How employing people with disability benefits the workplace
Daniel Giddens, Liaison Librarian at William Angliss Institute.
“Daniel’s been popular amongst the teaching staff, and having him here is breaking down some of the stereotypes of what people with disability can and can’t do,” says Paul Kloppenborg, Manager, Learning and Information Services at William Angliss Institute.
He employed Daniel Giddens as a Liaison Librarian in 2016. That means Daniel is the connection between the teaching departments at the Institute and the library, and requires him to complete a vast variety of tasks—from ordering new items for the collection, to preparing classes on how to use the catalogue or reference properly, to more in-depth research enquiries and one-to-one consultations.
Daniel has Cerebral Palsy, which mainly affects his lower limbs and partially his hands. He needs aids (including a wheelchair and frame) for his mobility.

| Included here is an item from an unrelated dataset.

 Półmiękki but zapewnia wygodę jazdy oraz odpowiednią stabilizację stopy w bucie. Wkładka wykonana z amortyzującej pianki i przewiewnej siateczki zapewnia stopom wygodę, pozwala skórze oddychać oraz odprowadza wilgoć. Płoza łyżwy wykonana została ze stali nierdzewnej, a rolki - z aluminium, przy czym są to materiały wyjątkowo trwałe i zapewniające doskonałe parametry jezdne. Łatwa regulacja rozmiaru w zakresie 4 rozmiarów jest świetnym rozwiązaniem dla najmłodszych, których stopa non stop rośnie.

To accommodate his work, Daniel had a height-adjustable desk put in. These kinds of workplace adjustments are simple, but mean Daniel is able to complete his work with ease.

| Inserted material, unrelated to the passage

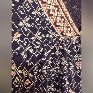 Lucky Brand Top Tunic Printed V-Neck Bell Sleeve Purple Boho Blouse Size Small. Cotton/modal blend. Great condition

But for Paul, hiring Daniel wasn’t about him having disability or not—it was about his ability.
“Daniel’s disability has had no impact at all on his capabilities as a librarian,” says Paul.

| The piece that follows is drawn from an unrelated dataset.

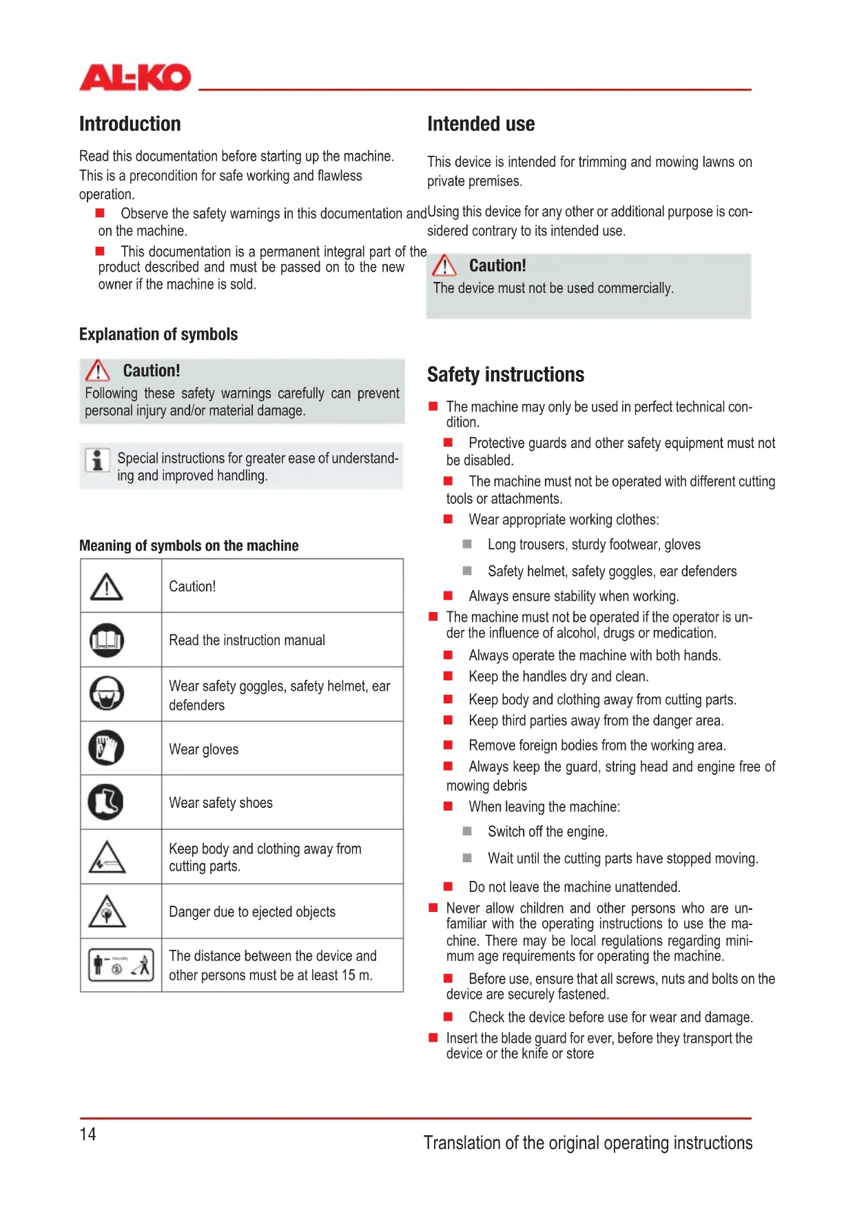 The machine may only be used in perfect technical con-

“I’ve worked in disability services before, so I think I was more open to the idea than many others would be. But with Daniel, it wasn’t really about his disability. He was initially working here just a couple of hours a week, but I was so impressed that I’ve now got him in four days a week.”
Considering a person with disability may lead you to the best person for the job, while also providing that person with the many personal, social and financial benefits of work.
For Daniel, it’s important that the 20% of Australians living with disability are represented in our organisations.
“People with disability are not a small part of our population. They should be present in organisations just like others are,” says Daniel.
For him, services like JobAccess are important and should be supported because of the confidence and support they give people with disability.
“These services allow people with disability to make contributions to society just like anyone else. I think that’s what most people with disability want to do—contribute. That’s how I feel anyway,” says Daniel.
But according to Paul, working hasn’t just been a benefit to Daniel.
“It’s been great for everyone. Disability can mean so many things. I think it’s important for employers to keep an open mind and realise that having a disability can sometimes have no impact on someone’s ability to work at all.”